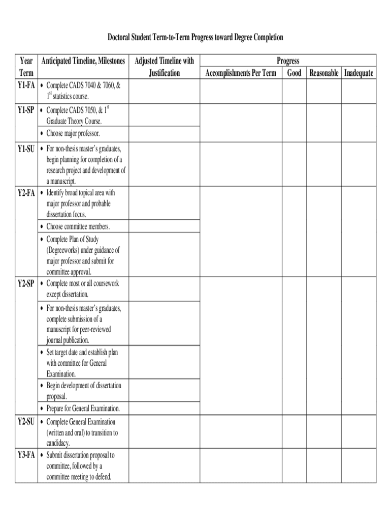 Doctoral Student TermtoTerm Progress toward Degree Completion Year Anticipated Timeline, Milestones Term Y1FA Complete CADS 7040 & 7060, & 1st statistics course. Y1SP Complete CADS 7050, & 1st Graduate
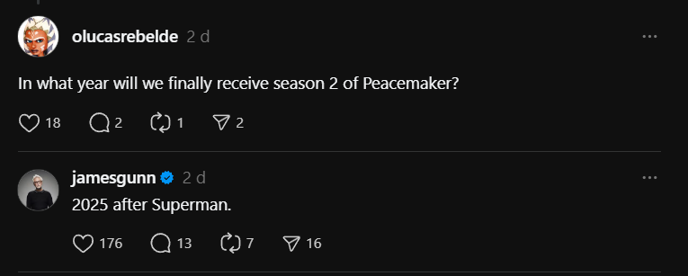 Em uma postagem recente no Threads, o coCEO da DC Studios, James Gunn, revelou que a segunda temporada de Peacemaker será lançada em “2025, depois do Superman “.
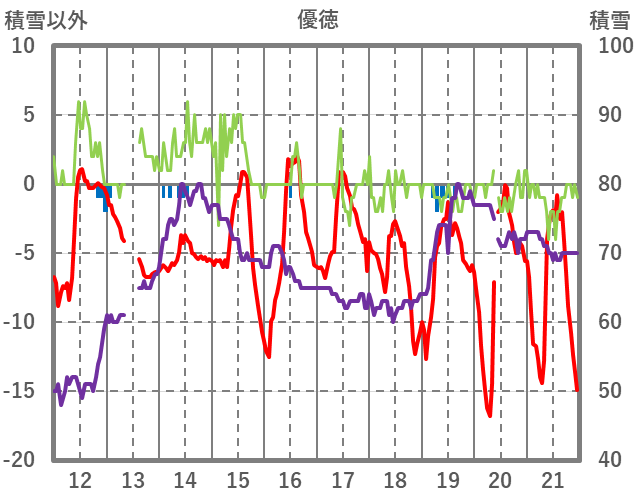 | 日 | 時 | 気温 | 降水 | 風向/風速 | 日照 | 積雪 | 降雪 |
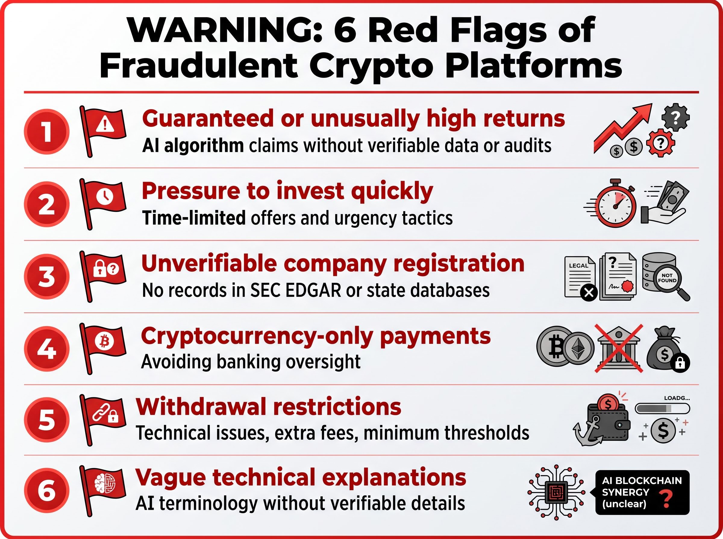 The Washington enforcement action and similar cases reveal consistent warning signs that investors can use to identify fraudulent platforms before committing funds. These red flags appear across AI-themed crypto scams regardless of specific platform branding or marketing approaches.
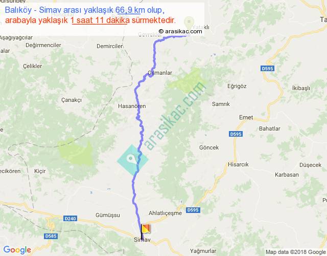 Balıköy - Simav arası yaklaşık olarak 90 km/h ile yukarıda belirtilen sürede olup, iki yerin kuş uçuşu uzaklığı (mesafesi) 48'dir. Yolculuk otobüsle 1 saat 32 dakika sürmektedir.
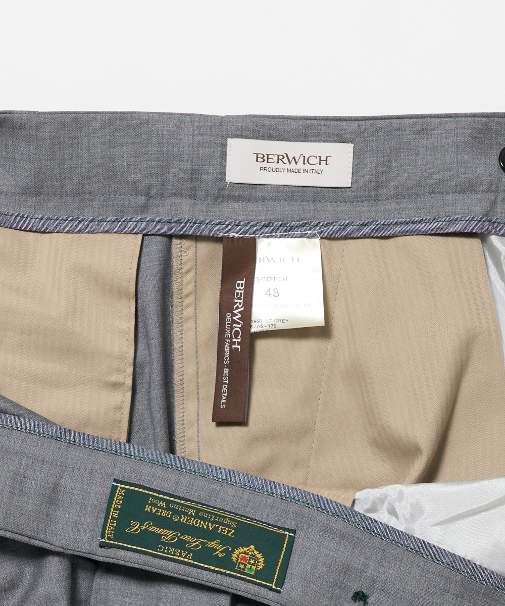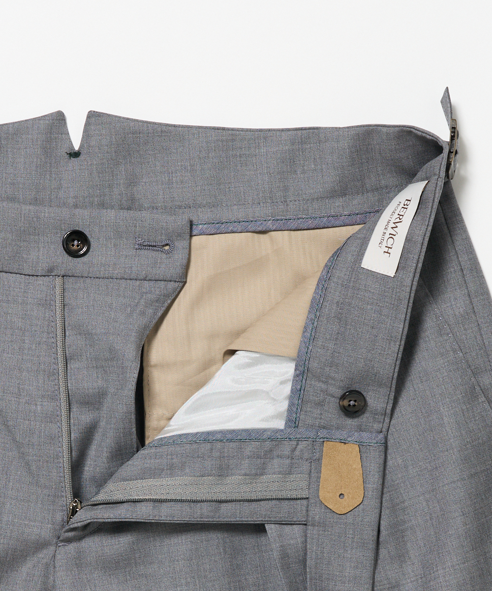 BERWICHを代表する定番モデル「SCOTCH(スコッチ)」は、2プリーツを備え、サイドアジャスター付き・ベルトループなしというクラシックなディテールを踏襲しながらも、現代的なフィット感を併せ持つ一本。

* ASSIGNMENT: Return all the data exactly, pictures omitted.

* EXERCISE RESULT:
 Doctoral Student TermtoTerm Progress toward Degree Completion Year Anticipated Timeline, Milestones Term Y1FA Complete CADS 7040 & 7060, & 1st statistics course. Y1SP Complete CADS 7050, & 1st Graduate
 Em uma postagem recente no Threads, o coCEO da DC Studios, James Gunn, revelou que a segunda temporada de Peacemaker será lançada em “2025, depois do Superman “.
 | 日 | 時 | 気温 | 降水 | 風向/風速 | 日照 | 積雪 | 降雪 |
 The Washington enforcement action and similar cases reveal consistent warning signs that investors can use to identify fraudulent platforms before committing funds. These red flags appear across AI-themed crypto scams regardless of specific platform branding or marketing approaches.
 Balıköy - Simav arası yaklaşık olarak 90 km/h ile yukarıda belirtilen sürede olup, iki yerin kuş uçuşu uzaklığı (mesafesi) 48'dir. Yolculuk otobüsle 1 saat 32 dakika sürmektedir.
 BERWICHを代表する定番モデル「SCOTCH(スコッチ)」は、2プリーツを備え、サイドアジャスター付き・ベルトループなしというクラシックなディテールを踏襲しながらも、現代的なフィット感を併せ持つ一本。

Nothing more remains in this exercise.